Farmers who adopt innovative technologies are aware that their work addresses multiple challenges simultaneously. They actively contribute to water conservation in Lake Sevan, support ecosystem restoration, which in turn promotes tourism development. They have access to organic food and advocate for a healthy lifestyle. By establishing their own businesses, they contribute to reducing emigration and the need to look for work in foreign countries, while also discouraging illegal fishing practices. Residents of the community will no longer aspire to move to the capital and will stay in the region. It is important to remember that several villages in Gegharkunik region are situated along the border with Azerbaijan.
State support and involvement in the project
And what does the state do for these people? What is its role?
According to Hovik Sayadyan, the role of the state is especially visible in subsidising a portion of the irrigation water. Cooperation towards sustainable land use practices is with the Ministry of Economy. They have conducted joint visits with ministry staff to witness the results in the field.
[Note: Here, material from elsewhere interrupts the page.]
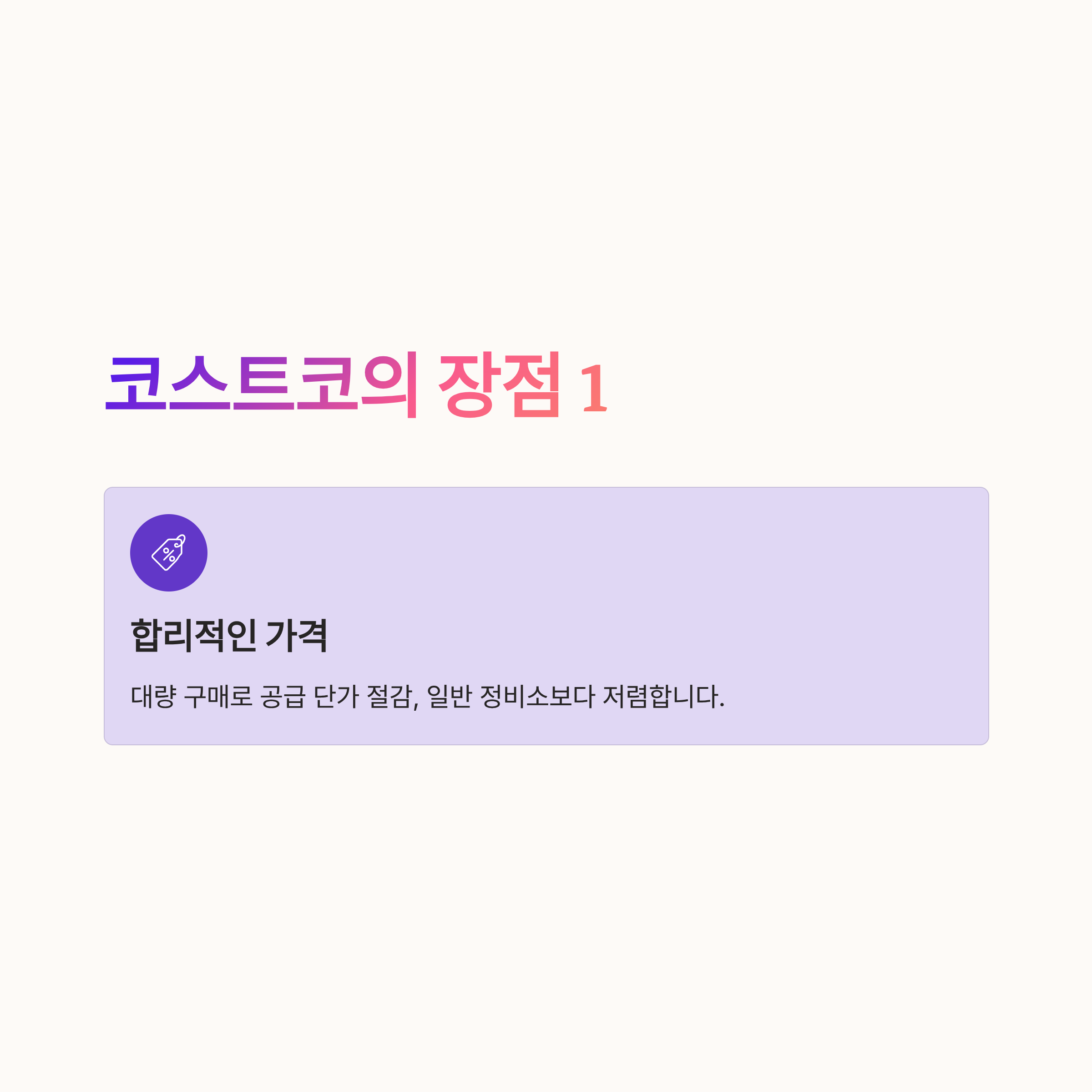 대량 구매로 인한 공급 단가 절감으로 일반 정비소보다 저렴하다.

“We are now working closely in the direction of local production of mineral fertilisers and its promotion,” he says. The regional consultant reports that there are producers, but the work is aimed at diversifying and raising awareness.
The project specialists are convinced that if people are ready to change their culture and realise that this is also done as a means of expressing patriotism, they will definitely manage to keep our Sevan blue.